Em suma, os autores clássicos, assim como os modernos, enfatizam direitos de propriedade e conhecimento técnico como fundamentais para o desenvolvimento de uma economia. Uma nação que enfrenta baixos níveis de conhecimento científico, conforme ambas as tradições, conseguiria progredir por meio da importação de tais conhecimentos de outras nações. Elucida-se, desta forma, que o liberalismo clássico e o moderno apresentam similaridades quanto à suas considerações sobre o crescimento econômico.
Eduardo de Almeida Paiva é Economista formado pela Universidade Presbiteriana Mackenzie.
REFERÊNCIAS BIBLIOGRÁFICAS
BARRO, Robert J. Democracy and Growth. In: ______. Getting It Right: Markets and Choices in a Free Society. Cambridge: The MIT Press, 1996, p. 1-12
BASTIAT, F. O que se vê e o que não se vê. In: ______. Frederick Bastiat. São Paulo: Instituto von Mises Brasil, 2010, p. 19.
FRIEDMAN, Milton. Papel do Governo numa Sociedade Livre. In: ______. Capítalismo e Liberdade. São Paulo: Nova Cultural, 1985, p. 29-39.
MANKIW, Gregory N. The Open Economy. In: ______. Macroeconomics. Nova Iorque: Worth Publishers, 2015, p. 139-168.
MILL, John S. Influence Of The Progress Of Industry And Population On Values And Prices. In: ______. Principles of Political Economy. Urbana: Project Gutenberg, 2009, p. 547-559.
PARENTE, Stephan L.; PRESCOTT, Edward C. Introduction. In: ______. Barriers to riches. Cambridge: The MIT Press, 2000, p. 1-10.
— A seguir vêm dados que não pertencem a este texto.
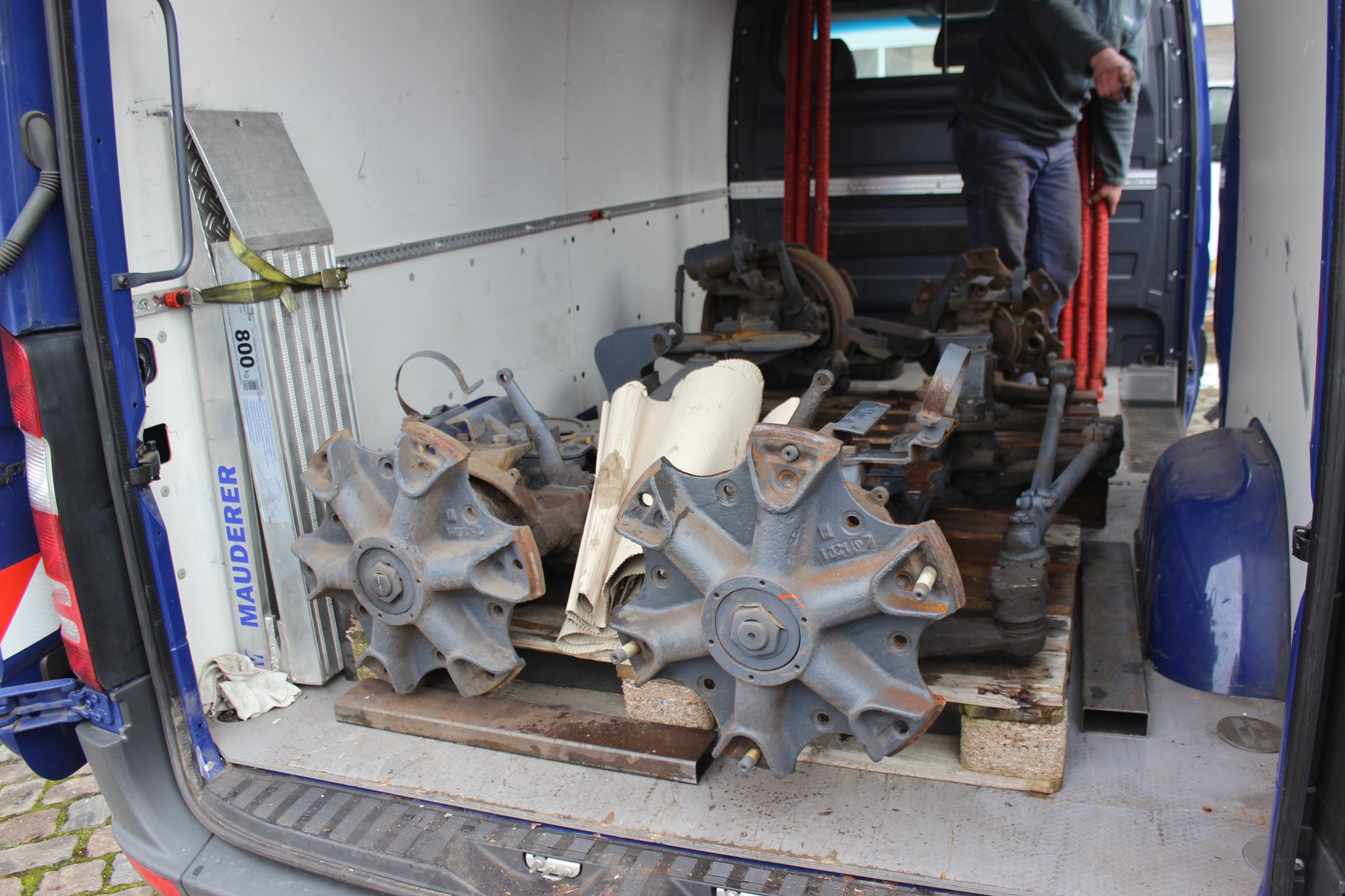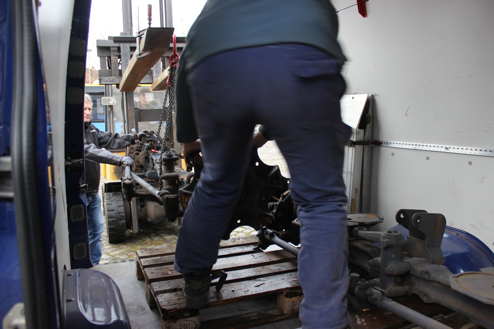 04.02.2021 - Abholung der A- u. C-Achse zur Aufarbeitung in Chemnitz sowie Anlieferung von weiteren Material

SAY, Jean B. Os Agentes Naturais que Servem para a Produção das Riquezas e, em particular, dos Bens Fundiários. In: ______. Tratado de Economia Política. São Paulo: Abril Cultural, 1983, p. 79-82.
______. Operações comuns a Todas as Indústrias. In: ______. Tratado de Economia Política. São Paulo: Abril Cultural, 1983, p. 85-90.